Preferably, the step S14 specifically includes:

and based on the light vehicle re-identification model, respectively carrying out feature extraction on the multi-source image of the target vehicle and the vehicle images in the candidate library through the student network model, calculating the feature similarity of the multi-source image and the vehicle images in the candidate library through the Euclidean distance, and outputting the vehicle image with the highest similarity as a vehicle re-identification result.

The embodiment of the invention has the following advantages:

(1) According to the method, the mixed attention module is constructed through the multisource information attribute of the vehicle, the feature representation method is designed, the network model is optimized by combining richer multisource information, and the knowledge distillation method is combined, so that the lightweight vehicle re-identification model based on multisource information fusion obtained through training has high-precision vehicle re-identification capability, and meanwhile, the lightweight property and the robustness of the model are considered; even under the limited computing resources, high-quality re-identification can be realized, so that more flexibility is provided for various application scenes;

(2) The method can be widely applied to intelligent video monitoring scenes, such as vehicle positioning, vehicle track prediction, criminal tracking and the like.

Drawings

In order to more clearly illustrate the embodiments of the present invention or the technical solutions in the prior art, the drawings used in the description of the embodiments or the prior art will be briefly described below. It will be apparent to those of ordinary skill in the art that the drawings in the following description are exemplary only and that other implementations can be obtained from the extensions of the drawings provided without inventive effort.

Fig. 1 is a flowchart of a lightweight vehicle re-identification method based on multi-source information fusion according to an embodiment of the present invention;

fig. 2 is a schematic diagram of a framework of a lightweight vehicle re-identification method based on multi-source information fusion according to an embodiment of the present invention;

fig. 3 is a schematic structural diagram of a local feature fusion network according to an embodiment of the present invention.

Detailed Description

Other advantages and advantages of the present invention will become apparent to those skilled in the art from the following detailed description, which, by way of illustration, is to be read in connection with certain specific embodiments, but not all embodiments. All other embodiments, which can be made by those skilled in the art based on the embodiments of the invention without making any inventive effort, are intended to be within the scope of the invention.

Referring to fig. 1 and fig. 2, a lightweight vehicle re-identification method based on multi-source information fusion specifically includes the steps of:

step S11, constructing a neural network; the neural network comprises two ResNet50 networks, a local feature fusion network and a mixed attention module which are connected in sequence; each ResNet50 network is connected with a source diagram respectively; the source map is a vehicle depth map or an infrared map.
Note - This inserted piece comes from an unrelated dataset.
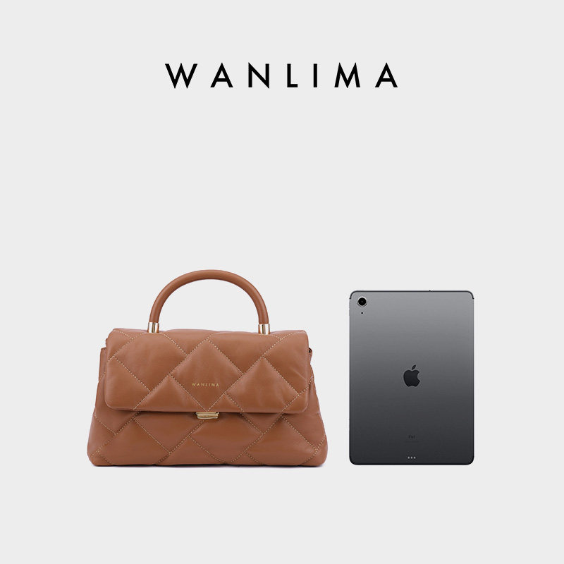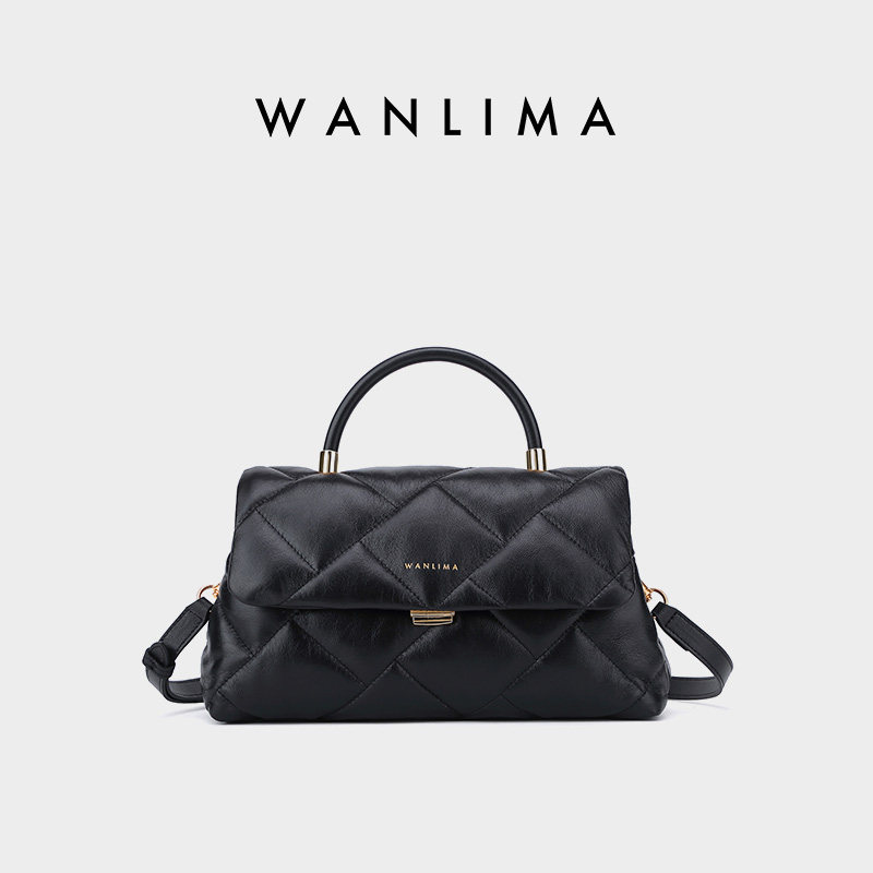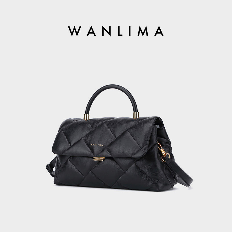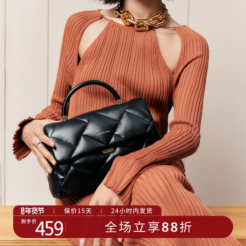 万里马羊皮泡芙包女菱格小香风手提包软皮真皮单肩包小众白色链条

Specifically, referring to fig. 3, the local feature fusion network includes a feature channel splicing unit, a 1×1 convolution unit, a first semantic focusing unit, a second semantic focusing unit, and a feature fusion unit; the output characteristic diagram of one ResNet50 network and the output characteristic diagram of the other ResNet50 network are spliced through a characteristic channel splicing unit to obtain a spliced characteristic diagram; the spliced features are subjected to a 1 multiplied by 1 convolution unit to obtain a convolution feature diagram; the output feature map and the convolution feature map of the ResNet50 network are multiplied element by element through a first semantic focusing unit to obtain a first semantic focusing feature map; the output feature map and the convolution feature map of the other ResNet50 network are multiplied element by element through a second semantic focusing unit to obtain a second semantic focusing feature map; the first semantic focusing feature map and the second semantic focusing feature map are added element by element through a feature fusion unit to obtain a double-source information fusion feature map; and outputting the double-source information fusion feature map to a mixed attention module.

The mixed attention module includes a channel attention and a spatial attention; the method comprises the steps that a double-source information fusion feature map output by a local feature fusion network is subjected to feature extraction through a convolution layer, the obtained feature map is operated through a channel attention module and multiplied by convolution output, and a result is used as an input feature map of a spatial attention module; the input feature map is multiplied by the output obtained through the spatial attention module, the semantic focusing is carried out, the attention force diagram is obtained, and finally the dual-source information fusion feature map and the attention force diagram are added element by element, so that the mixed attention feature is obtained.

The shared feature extraction network employs ResNet50 with a network structure of [64, 'M', (64,64,256) ×3, (128,128,512) ×4, (256,256,1024) ×6, (512,512,2048) ×3], where each number represents a convolution+batch normalization+ReLU activation function three-layer structure, the number size represents the number of convolution layer channels, 'M' represents maximum pooling, and×N represents the same number of convolution block repetitions.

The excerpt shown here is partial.